By the end of the day, all committees except the Security Council ended up passing a resolution. As one of the permanent members had used their veto. We wrapped up the day with awards for each committee: Best Delegate, Most Diplomatic and Honourable Mentions. There were speeches from the Chairs and the awards were presented by Ms Pugh. Both us and the students from other schools had a really enjoyable day, meeting new people and learning more about the world! Thank you Mr V, Ms Pugh and all the other teachers who helped out, making this all possible!

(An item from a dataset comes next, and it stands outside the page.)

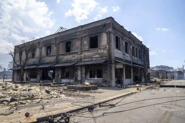 "Vài ngoại lệ hiếm hoi, còn lại hầu hết thị trấn Lahaina đã bị thiêu rụi" - Thống đốc Hawaii Josh Green nói khi cùng Thị trưởng Maui Richard Bissen đi thị sát hiện trường đám cháy rừng - "Cảm giác như một quả bom đã được thả xuống Lahaina".

The IR and MUN Club would like to encourage all of you to get involved in debating and MUN next year. There are so many opportunities available, and it is time to reach for the stars and make a difference not just for yourself but also for others.
For many of us, having the opportunity to discuss world issues helps us to think about how we can help the world and to think of solutions to global issues. In trying to maintain peace in committee discussions we have learnt how hard it is for countries to negotiate and reach an agreement on how to best solve these problems. We want our leaders to be able to reach for the stars and find ways to promote peace and avoid conflict, care for our environment and to eradicate poverty, illness and to ensure that everyone has access to education, basic necessities and opportunities for the future.
However, this is not just the responsibility of our world leaders. We can also play our part. There are many examples of young people helping to solve world issues. Greta Thurburg helped to raise awareness about climate change and challenged governments to act. Malala Yousafsi promoted the rights of women and campaigned for girls around the world to be able to go to school. Maybe you can also reach for the stars and find ways in which you can help make the world a better place.